I guess it was warranted considering the times, but I dislike how the focus for so much of the debate is on foreign policy, and the Middle East especially. “What will you do about Afghanistan, what will you do about Iraq, what will you do about Pakistan, what will you do about Iran, what will you do about Russia?” It’s really frustrating. I wish one candidate would just say “why do we have to do anything about XYZ country? Leave them to their own problems and let’s focus on ours. Specifically, I’d like to start with the rising income inequality…”
ASIDE: On this point, I remember once in my high school US government class in 2011 we were all talking about which side America ought to get involved with during the Libyan civil war. I was literally the only person who raised the question “why do we have to get involved on ANY side? Why does their war have to be our problem?” I really loathe this neocon mentality a lot of Americans, and especially our leaders, seem to have. I hate how it’s NEVER questioned. It’s not our place to insert ourselves into every other country’s domestic affairs, at least not in the context of warring or playing kingmaker with their governing factions. This is especially so when our own domestic issues are going so terribly.
McCain looks pretty silly hyping up how Iran is imminently going to possess a nuke, and using Patraeus as his source for all his ideas, considering what happened to him. I also think he’s wrong to give Obama so much flak for how he (Obama) would sit down with the leader of Iran without preconditions. That’s how you get progress. You sit down and hear the other side out. We make peace with our enemies, not our friends, and frankly I think it would have been a stretch to call Iran an enemy anyway. Trying to act like you’re so much better than the leaders of Iran or anywhere else that they have to conform to your demands 100% of the time is ridiculously arrogant and potentially dangerous.
The 2016 primaries in both parties with the focus overwhelmingly on domestic issues and policy is a direct blow back from all these years (2000-2012) where the debate topics centered on geopolitical chess and neocon nation building. People are sick of it, and rightly so. That warmongering outlook has brought us nothing but trouble.

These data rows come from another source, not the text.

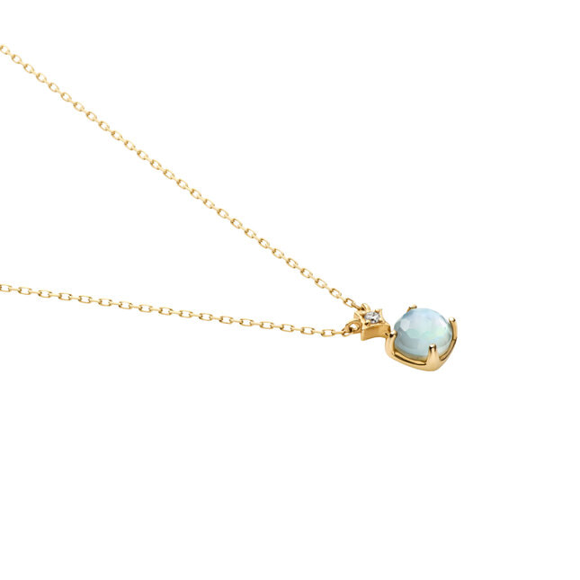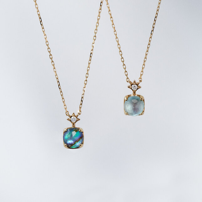 見る角度によってゆらめくように変化する表情を、シェルとブルートパーズを重ね合わせることで表現。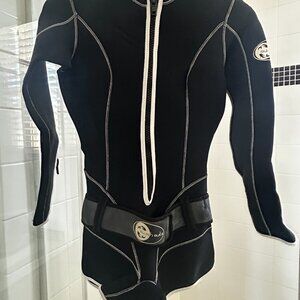 Women's Swish Suits 3mm in large (VERY Bond Girl style), never been in the water . Eco-neoprene, good for surfing or scuba diving/free-diving. One full-front zipper up the front and thick buckle/belt in the front.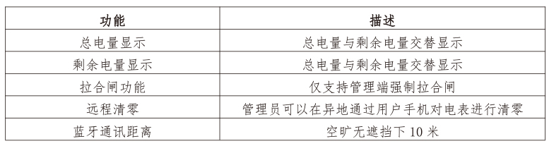 本产品采用先进的单片机处理系统进行数据的采集、处理和保存,在传统IC预付费电表基础上增加蓝牙通信功能,通过蓝牙通讯方式和手机连接,实现手机预缴电费功能。同时具有高精度、高可靠性、高过载、自身功耗低等特点,后台系统界面设计简洁美观,流程操作便捷,用户易上手使用,完美解决房东电费收缴困难,适用于公寓、物业、园区、校园等场景,主要功能如下: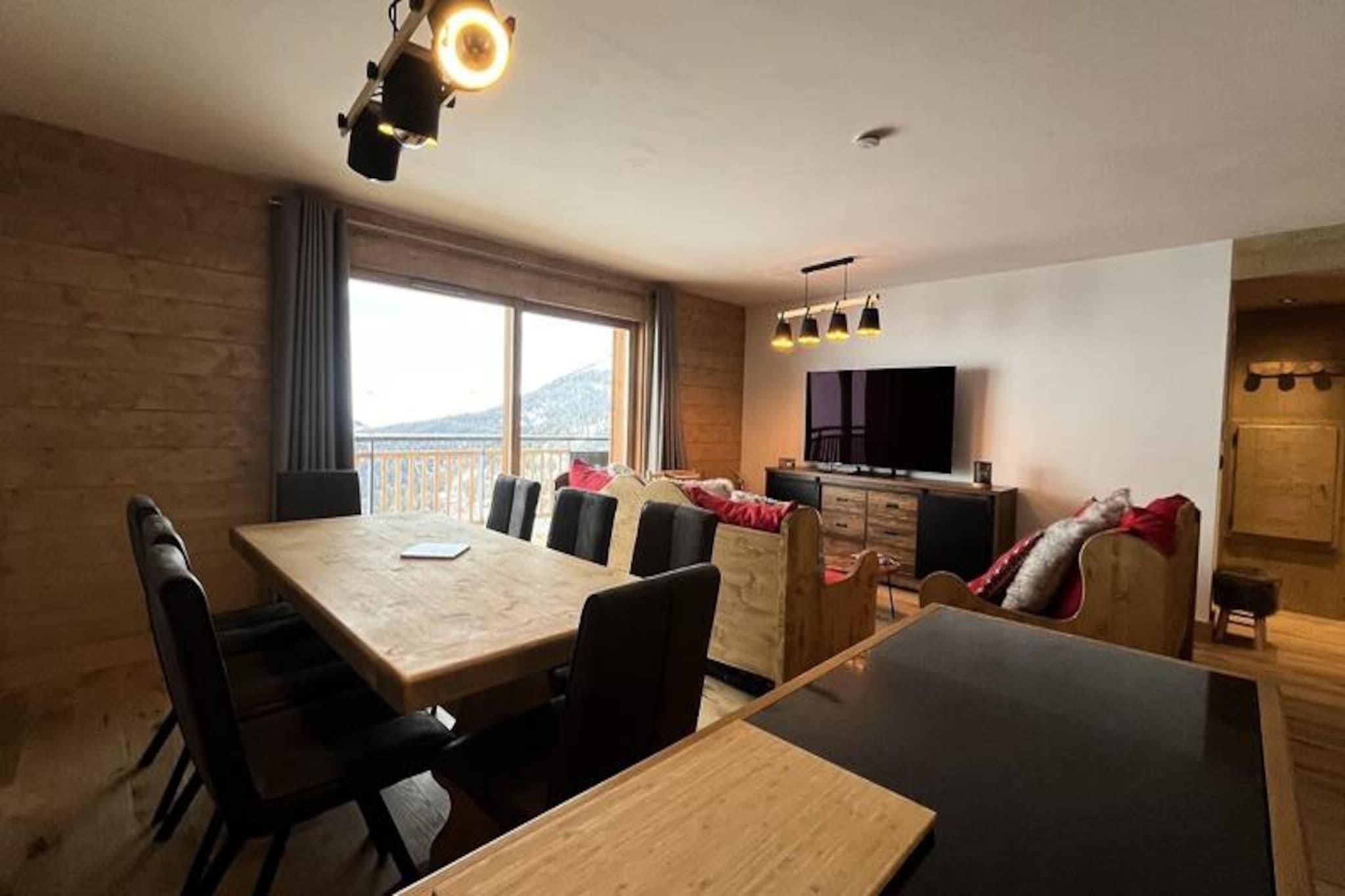 Högt ovanför de pittoreska sluttningarna i La Plagne Centre erbjuder denna lyxiga lägenhet i det exklusiva MANAKA-residenset en oöverträffad alpin reträtt. Med hisnande utsikt över Mont Blanc från din privata balkong, genomsyras varje ögonblick här av magin i de franska Alperna. Oavsett om du smuttar på kaffe i soluppgången eller varvar ner efter en dag i backarna, är detta en plats där komfort möter naturlig skönhet. Lägenheten är 84 m² stor och är utformad för att rymma upp till sex gäster med stil. Det rymliga vardagsrummet, med två mjuka soffor och en platt-TV, öppnar upp mot en balkong som ramar in den majestätiska bergsutsikten. Köket med öppen planlösning är fullt utrustat med moderna apparater, inklusive kylskåp, keramikhäll, mikrovågsugn, ugn och diskmaskin, vilket gör det perfekt för att laga rejäla måltider efter en dag av äventyr. Sovrummen inkluderar en master suite med eget duschrum och toalett, ett mysigt barnrum med två enkelsängar och ett mångsidigt tredje sovrum där enkelsängarna kan kombineras. Ytterligare bekvämligheter som tvättmaskin/torktumlare, separat toalett och Wi-Fi säkerställer en smidig vistelse. Belägen vid foten av backarna erbjuder denna lägenhet direkt tillgång till ski-in/ski-out, vilket gör den till en dröm för vintersportsentusiaster. Två privata parkeringsplatser och ett skidförvaring bidrar till bekvämligheten. Även om residensens pool inte ingår, ligger den pulserande byn La Plagne Centre precis utanför dörren och erbjuder butiker, restauranger och afterski-aktiviteter. På sommaren förvandlas området till en fristad för vandrare och mountainbikecyklister, med stigar som leder till fantastiska alpina landskap. Med sina förstklassiga bekvämligheter, sitt utmärkta läge och sin oförglömliga utsikt är denna lägenhet det perfekta valet för familjer eller vänner som söker en sofistikerad bergsflykt. Låt charmen i Mont Blanc och La Plagnes lockelse skapa minnen som varar livet ut.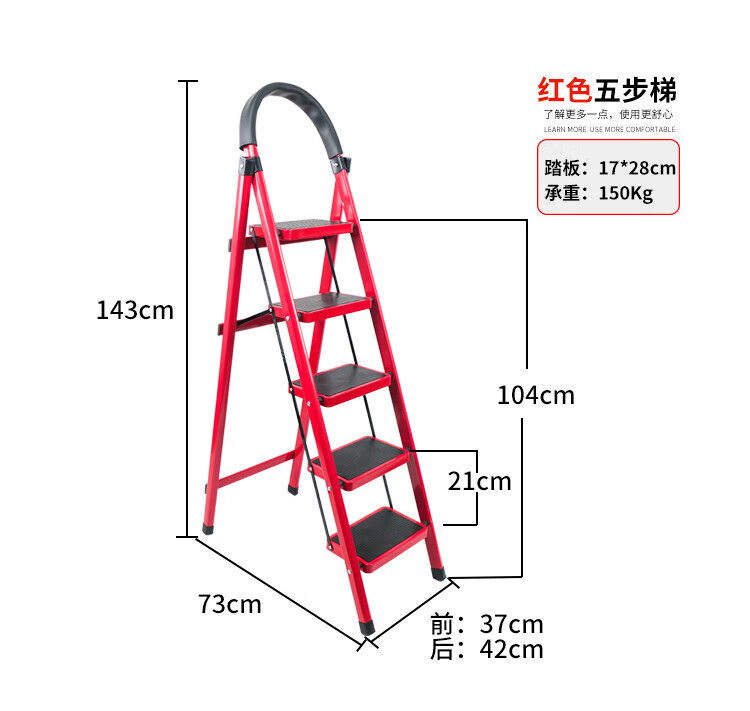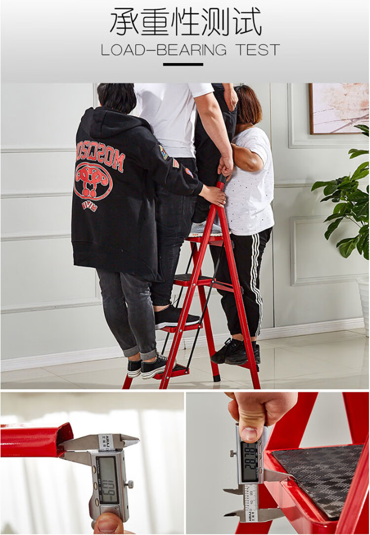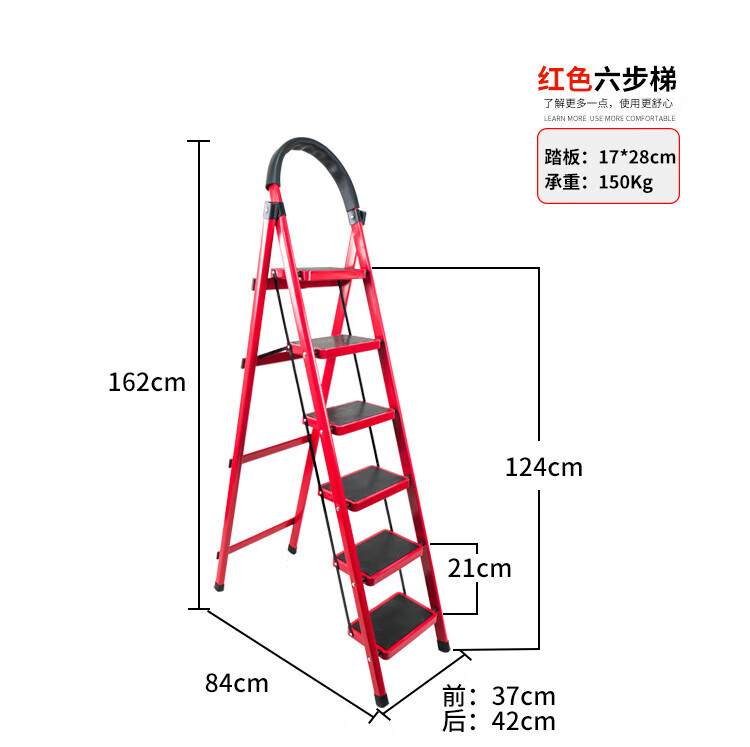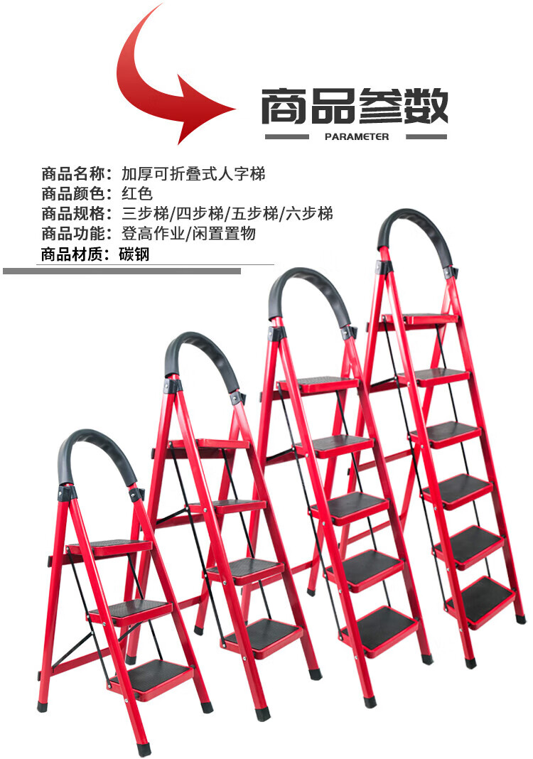 海斯迪克 折叠人字梯 KC90-4 红色 六步梯(载重150kg) 1件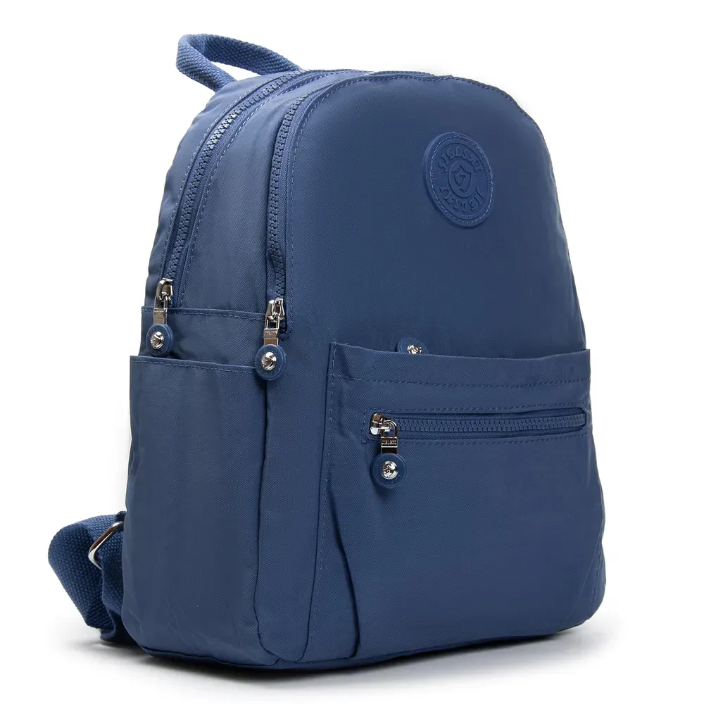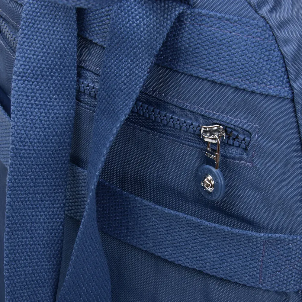 Женский рюкзак. Изготовлен из водотталкивающего текстиля. Два отделения, закрываются на молнии. В основном отделении есть карман-перегородка на молнии и большой боковой карман на молнии. На фасаде и обратной стороне рюкзака находятся вместительные карманы на молнии. А на торцах есть открытые небольшие карманы. На обратной стороне рюкзака также есть крепление на ручку чемодана.

As much as I disliked everything about Obama, He was clearly from our current perspective the lesser evil when compared to McCain. I didn’t watch the debates, but can see from your analysis that they both were big liers. McCain we now know to be a supporter of ISIS seems to have lied constantly about foreign policy. While Obama clearly a tool of the financial elites seems to have lied consistency about financial policies. Too bad these two evil clowns were the best the major political parties offered up that year. In the past it seems that politicians were usually flawed but in this election it seems to me that both major candidates were legitimately evil men. With only their own self interest a heart. You did a good job analyzing an evet that probably would probably have made me sick if I had watched it.